**INPUT DATA**
────────────────

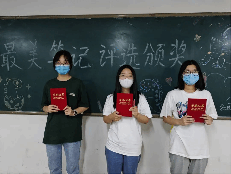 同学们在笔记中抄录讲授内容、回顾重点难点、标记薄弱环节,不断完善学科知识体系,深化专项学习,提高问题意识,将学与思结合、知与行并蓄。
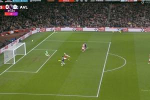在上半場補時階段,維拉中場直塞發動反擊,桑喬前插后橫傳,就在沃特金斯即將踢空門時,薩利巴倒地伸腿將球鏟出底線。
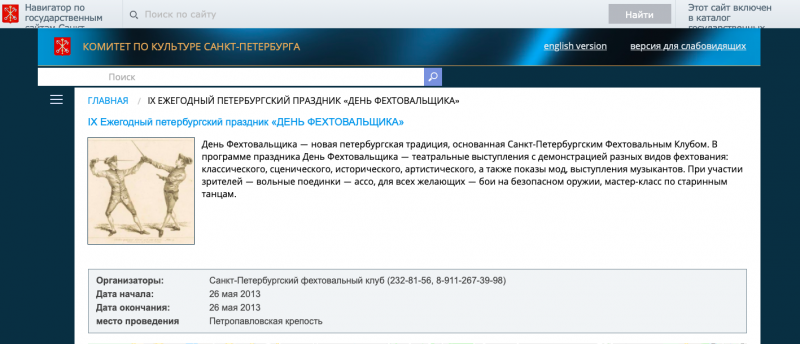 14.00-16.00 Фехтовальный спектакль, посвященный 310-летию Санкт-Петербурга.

────────────────

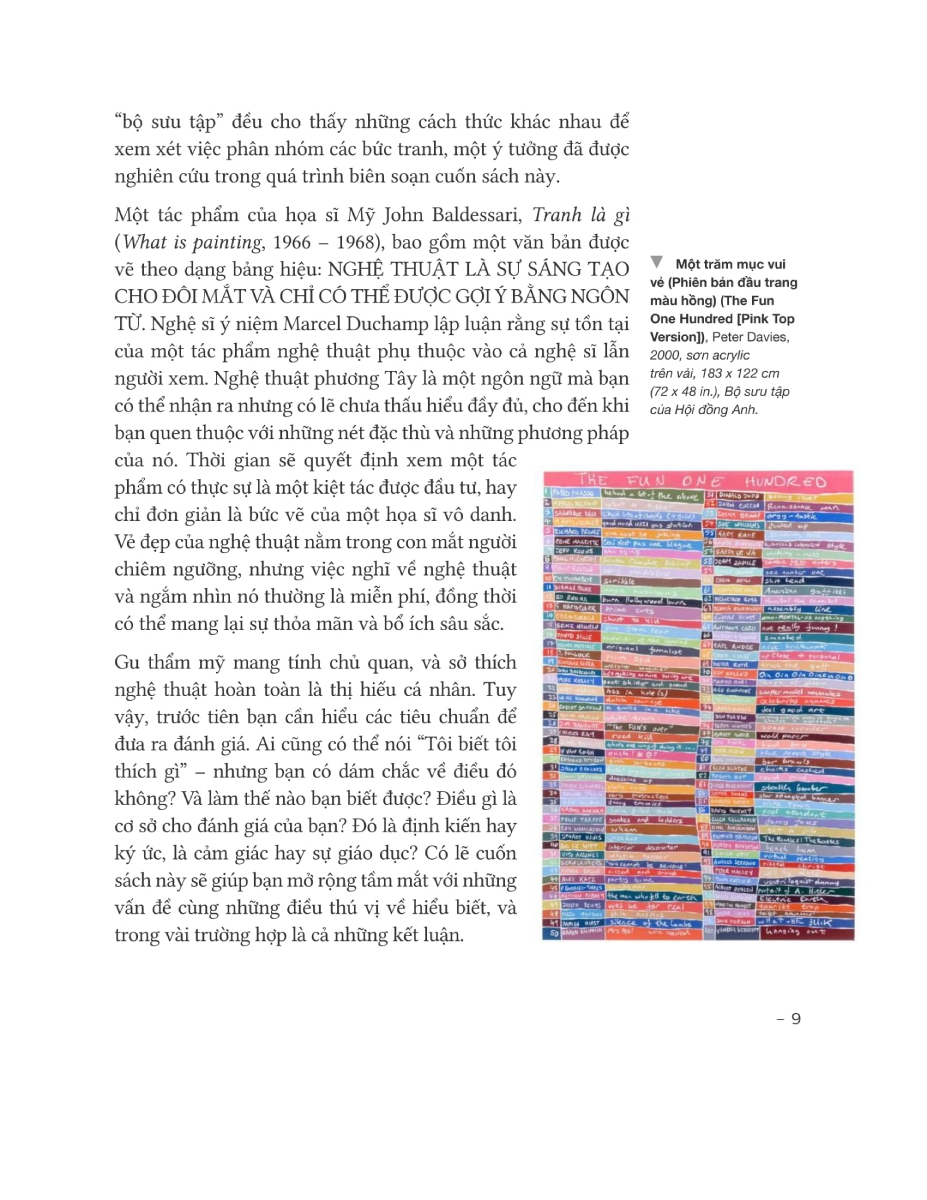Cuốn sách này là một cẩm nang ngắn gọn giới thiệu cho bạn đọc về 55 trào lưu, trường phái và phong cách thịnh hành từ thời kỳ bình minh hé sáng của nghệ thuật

────────────────

**ABOUT THIS TASK**
Using the entries above, reproduce word for word only the lines from the one that contains "同学们在笔记中抄录讲授内容、" to the one that contains "14.00-16.00 Фехтовальный спектакль, посвященный", both ends included, and drop every picture.

**PROBLEM SOLUTION**
 同学们在笔记中抄录讲授内容、回顾重点难点、标记薄弱环节,不断完善学科知识体系,深化专项学习,提高问题意识,将学与思结合、知与行并蓄。
在上半場補時階段,維拉中場直塞發動反擊,桑喬前插后橫傳,就在沃特金斯即將踢空門時,薩利巴倒地伸腿將球鏟出底線。
 14.00-16.00 Фехтовальный спектакль, посвященный 310-летию Санкт-Петербурга.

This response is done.